# Block planes



## Brian Peters (Feb 2, 2011)

90 bucks isn't bad...
http://www.japanwoodworker.com/product.asp?s=JapanWoodworker&pf_id=04.203.70&dept_id=12940


----------



## hdavis (Feb 14, 2012)

MarkJames said:


> I'm wondering if there's a quicker, simpler way in the field, or should I just do the sharpening at home with a set-up like I just described.
> 
> Thanks much.


Now the bad news - you can easily spend more on sharpening stones than you paid for the plane - just ask me...

A lot of what you need to do can be done with wet/dry sandpaper on a piece of plate glass. As for job site sharpening, you can do that with a single stone, unless you bungle the edge up pretty bad. 

If you want to get fancy, you can go the diamond grit in a syringe route (also used with plate glass). It's actually a cheaper initial outlay compared to getting a set of stones and conditioners, and it lets you see exactly how good you can get the edge.

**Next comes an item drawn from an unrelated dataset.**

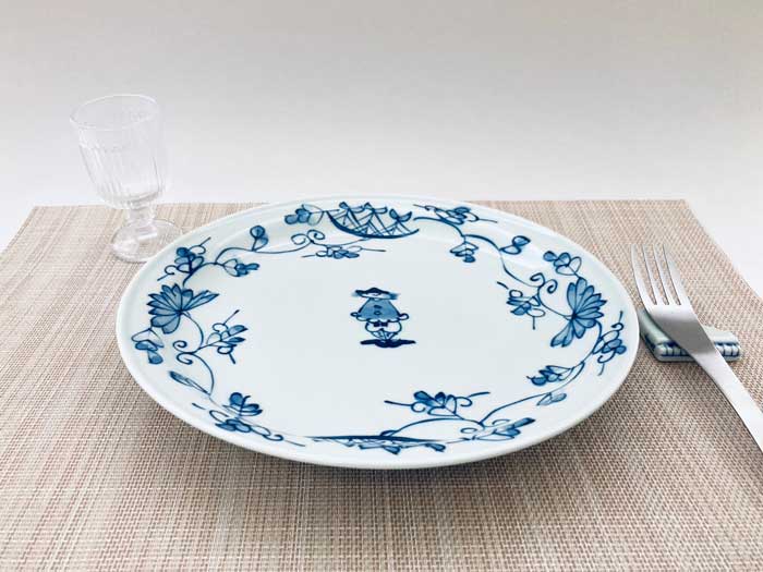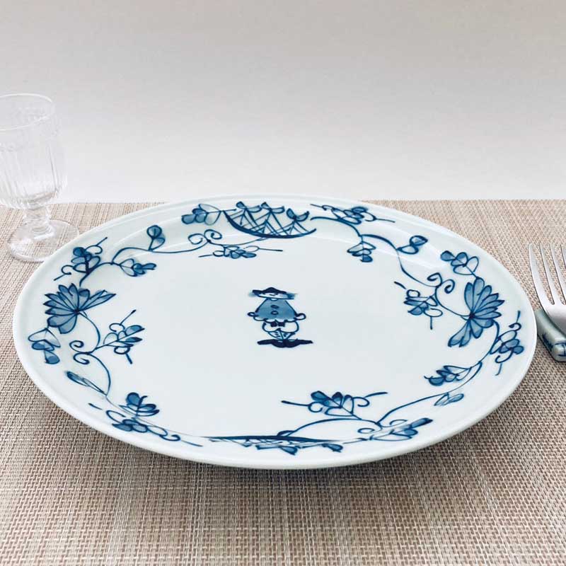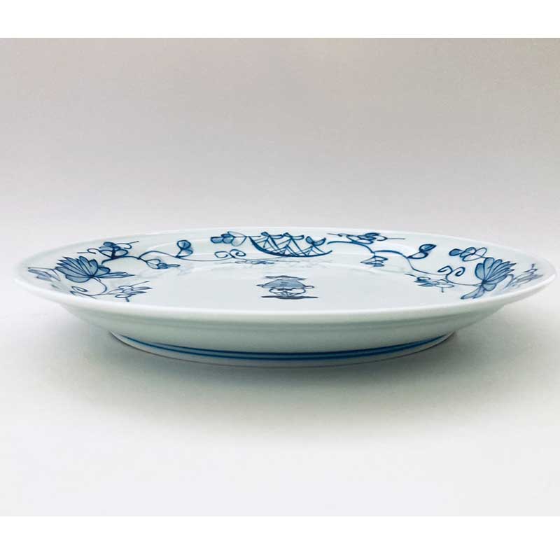 船と異人さんに伝統柄である唐草が淡い色調で丁寧に描かれています。料理の盛り映えもよく、青花ブランドのなかで、とても人気がある絵柄です。

Personally, for job site I'll use plate glass and wet/dry sandpaper, but I'm only touching up the edge and I'm not making a piano

I'd suggest do a little research on the internet before deciding how you'll sharpen and what you'll use.


----------



## 91782 (Sep 6, 2012)

hdavis said:


> Now the bad news - you can easily spend more on sharpening stones than you paid for the plane - just ask me...
> 
> *A lot of what you need to do can be done with wet/dry sandpaper on a piece of plate glass. As for job site sharpening, you can do that with a single stone, unless you bungle the edge up pretty bad. *
> 
> ...


Thank you - what I wanted to offer up - but didn't want to get into any religious wars over sharpening the darned irons!

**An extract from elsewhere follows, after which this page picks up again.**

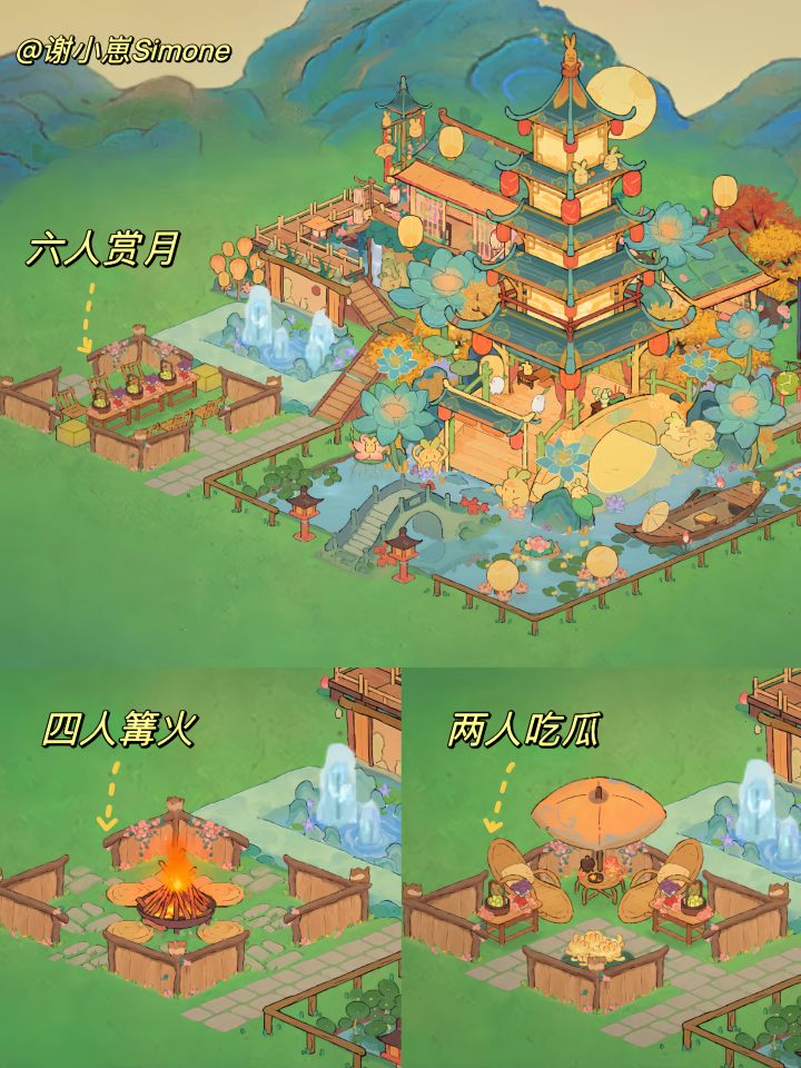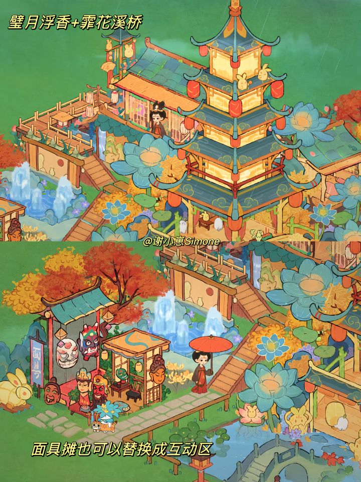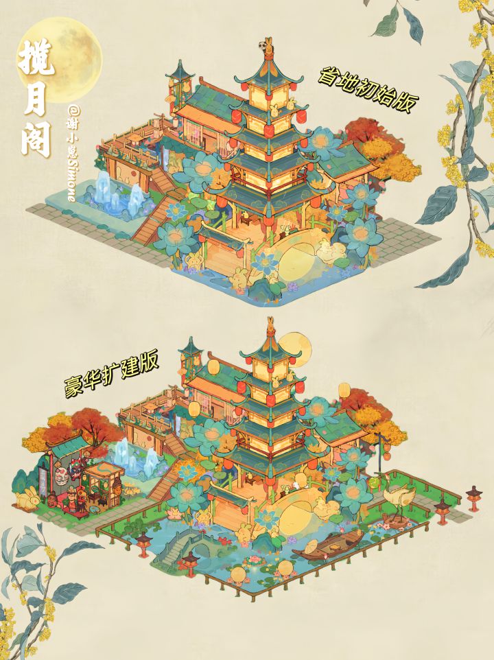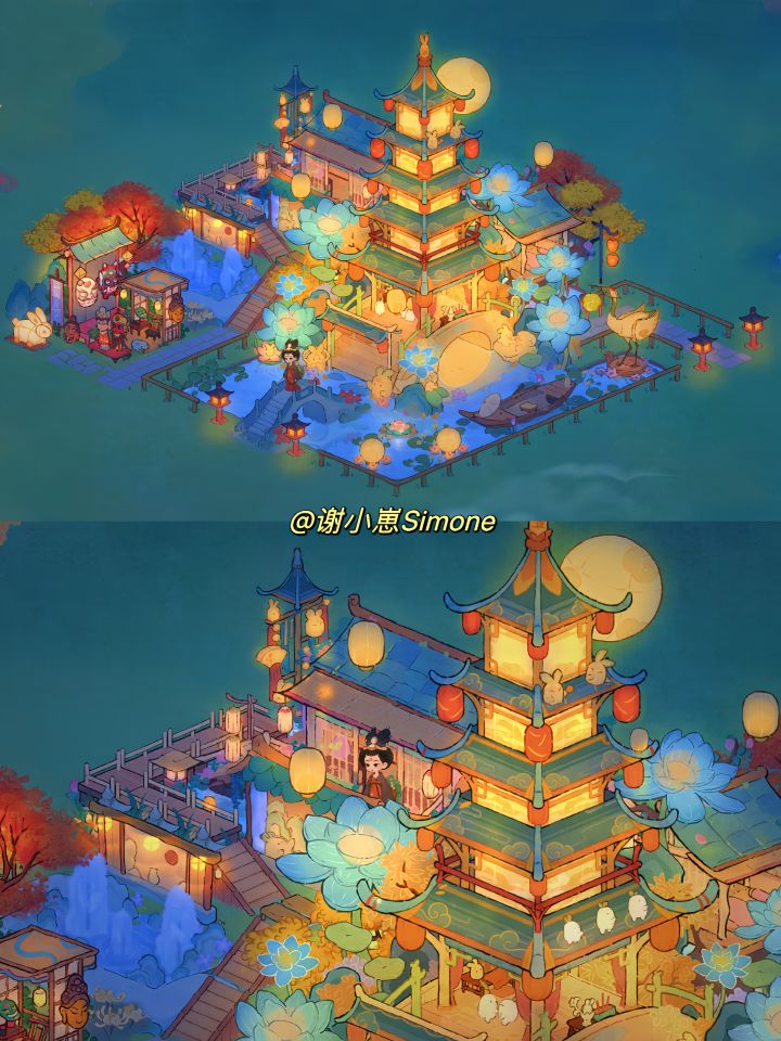 耶,终于把中秋元素的建筑搭配好啦,我自己感觉还是不错滴嘿嘿,白天和晚上都好看,但是我仙女湖还没开完,等开完就把它摆上!

Now YOU can take the heat!

(I use a piece of granite backsplash, btw).


----------



## PrestigeR&D (Jan 6, 2010)

Ok,
I have a few but its never something I. Get warm and fuzzy about,....


Well,...

I should say, not yet.......:whistling


Grab your popcorn,..

Some fine collections,,,,,


http://www.owwm.org/viewtopic.php?f=3&t=111439&p=752316&hilit=Block+plane+collection#p752316

http://www.owwm.org/viewtopic.php?f=5&t=106739&hilit=Block+plane+collection


There is a member I know over there, can't find it write now, but it was absolutely incredible the collection of hand planes he had....I was blown away ...they look like candy to me!...:laughing:.:clap::thumbup:


Enjoy,...


B,


----------



## MarkJames (Nov 25, 2012)

SmallTownGuy said:


> Thank you - what I wanted to offer up - but didn't want to get into any religious wars over sharpening the darned irons!
> 
> Now YOU can take the heat!
> 
> (I use a piece of granite backsplash, btw).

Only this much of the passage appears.